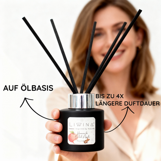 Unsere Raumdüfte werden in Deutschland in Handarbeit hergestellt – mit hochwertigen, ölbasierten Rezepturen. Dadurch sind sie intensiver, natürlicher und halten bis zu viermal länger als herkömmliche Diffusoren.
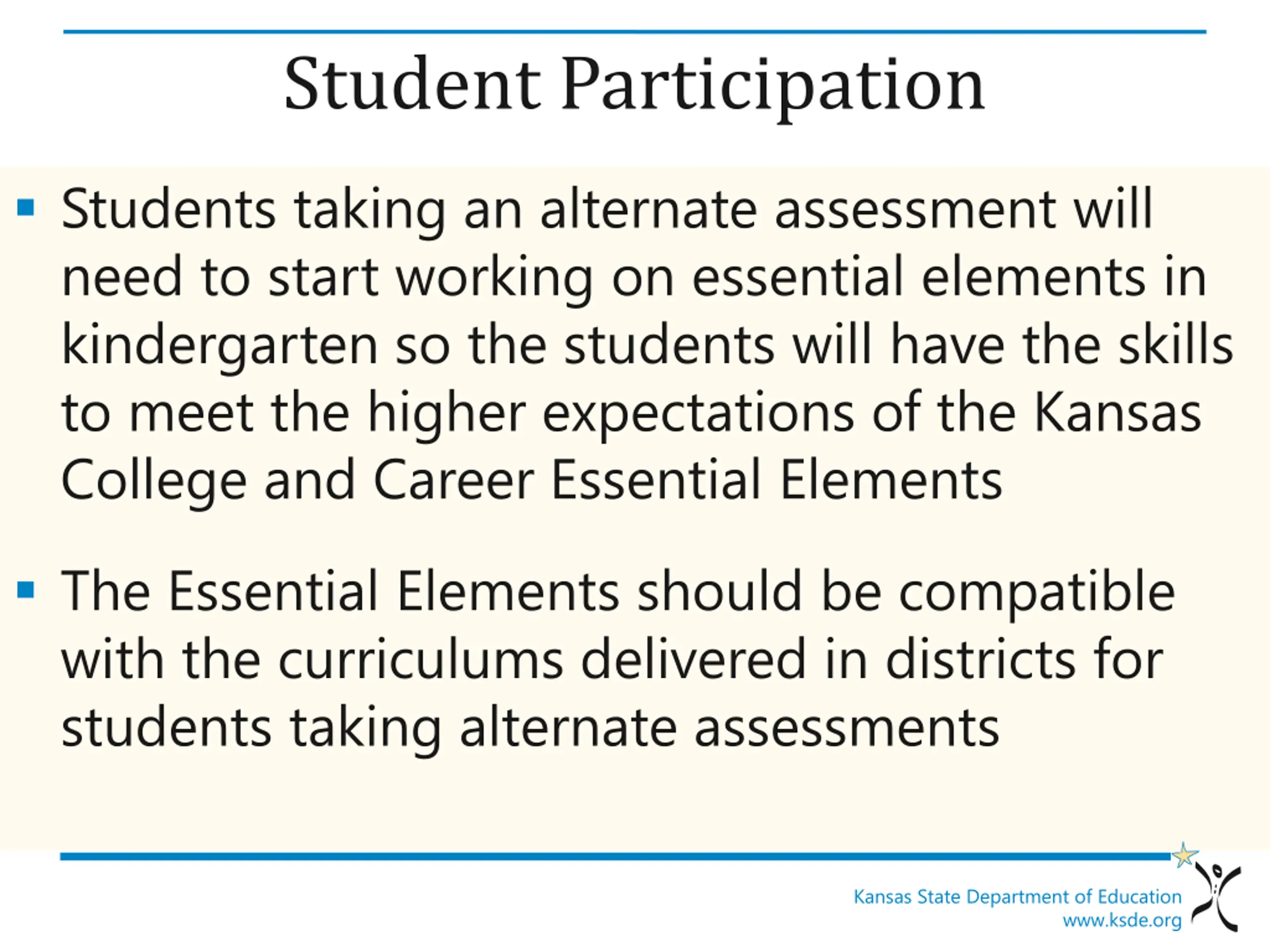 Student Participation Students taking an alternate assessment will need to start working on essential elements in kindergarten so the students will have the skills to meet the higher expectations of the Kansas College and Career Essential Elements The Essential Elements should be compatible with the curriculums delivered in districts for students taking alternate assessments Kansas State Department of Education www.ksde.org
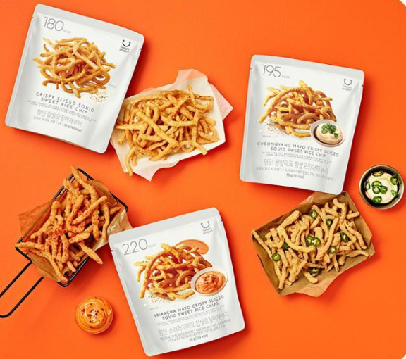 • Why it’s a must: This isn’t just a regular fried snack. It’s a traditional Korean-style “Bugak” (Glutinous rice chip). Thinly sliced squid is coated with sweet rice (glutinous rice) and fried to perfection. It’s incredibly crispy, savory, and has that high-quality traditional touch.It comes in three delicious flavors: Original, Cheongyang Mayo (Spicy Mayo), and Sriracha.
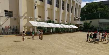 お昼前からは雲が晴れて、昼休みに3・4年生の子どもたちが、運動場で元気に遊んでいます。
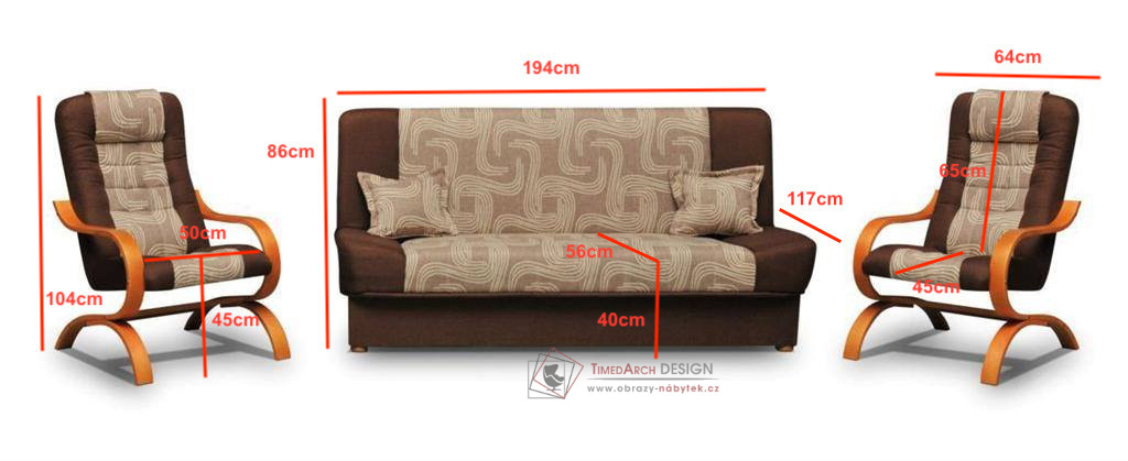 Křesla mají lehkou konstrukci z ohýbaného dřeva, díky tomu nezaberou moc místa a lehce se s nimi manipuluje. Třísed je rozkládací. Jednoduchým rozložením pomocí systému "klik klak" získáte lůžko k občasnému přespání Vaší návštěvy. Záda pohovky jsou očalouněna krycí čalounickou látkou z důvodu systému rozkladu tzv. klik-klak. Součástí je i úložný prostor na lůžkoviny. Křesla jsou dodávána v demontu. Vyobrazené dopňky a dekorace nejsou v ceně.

---

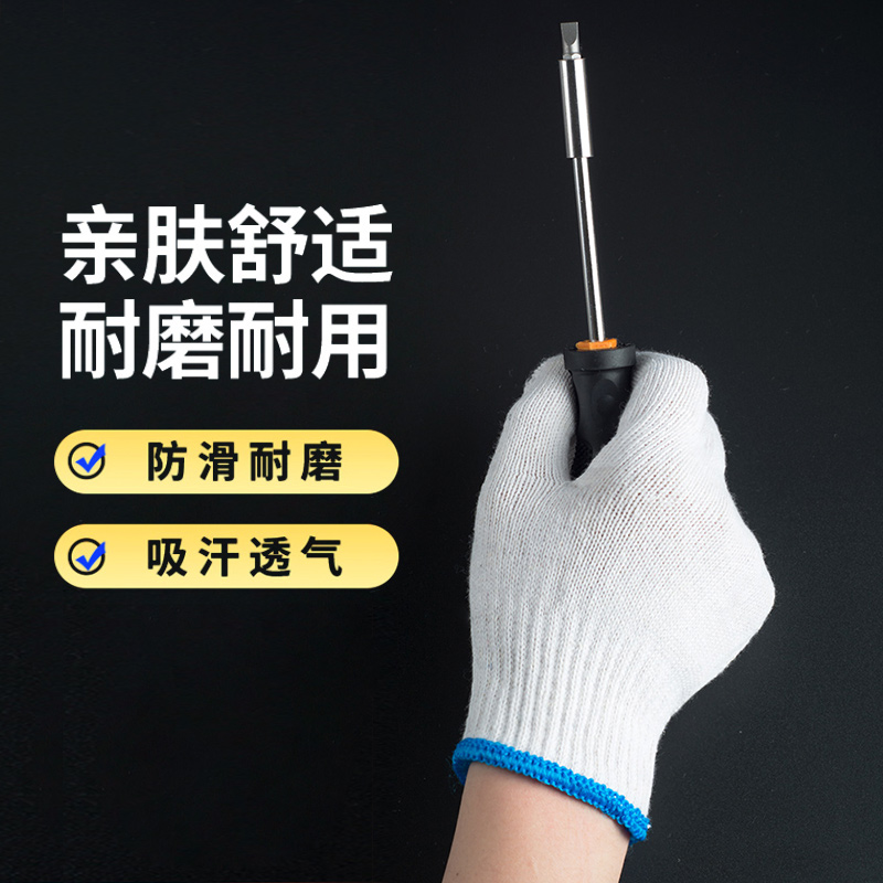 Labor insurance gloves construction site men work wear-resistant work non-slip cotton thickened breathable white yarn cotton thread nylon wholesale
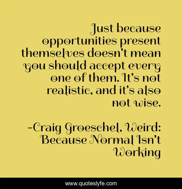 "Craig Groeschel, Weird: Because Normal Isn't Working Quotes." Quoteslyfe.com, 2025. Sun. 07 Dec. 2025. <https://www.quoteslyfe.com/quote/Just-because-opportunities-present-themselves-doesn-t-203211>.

*Aim of the task*
From the records above, give again only the part that opens with the line containing "Unsere Raumdüfte werden" and closes with the line containing "Křesla mají lehkou". Keep both ends but drop the pictures.

*Your response*
 Unsere Raumdüfte werden in Deutschland in Handarbeit hergestellt – mit hochwertigen, ölbasierten Rezepturen. Dadurch sind sie intensiver, natürlicher und halten bis zu viermal länger als herkömmliche Diffusoren.
 Student Participation Students taking an alternate assessment will need to start working on essential elements in kindergarten so the students will have the skills to meet the higher expectations of the Kansas College and Career Essential Elements The Essential Elements should be compatible with the curriculums delivered in districts for students taking alternate assessments Kansas State Department of Education www.ksde.org
 • Why it’s a must: This isn’t just a regular fried snack. It’s a traditional Korean-style “Bugak” (Glutinous rice chip). Thinly sliced squid is coated with sweet rice (glutinous rice) and fried to perfection. It’s incredibly crispy, savory, and has that high-quality traditional touch.It comes in three delicious flavors: Original, Cheongyang Mayo (Spicy Mayo), and Sriracha.
 お昼前からは雲が晴れて、昼休みに3・4年生の子どもたちが、運動場で元気に遊んでいます。
 Křesla mají lehkou konstrukci z ohýbaného dřeva, díky tomu nezaberou moc místa a lehce se s nimi manipuluje. Třísed je rozkládací. Jednoduchým rozložením pomocí systému "klik klak" získáte lůžko k občasnému přespání Vaší návštěvy. Záda pohovky jsou očalouněna krycí čalounickou látkou z důvodu systému rozkladu tzv. klik-klak. Součástí je i úložný prostor na lůžkoviny. Křesla jsou dodávána v demontu. Vyobrazené dopňky a dekorace nejsou v ceně.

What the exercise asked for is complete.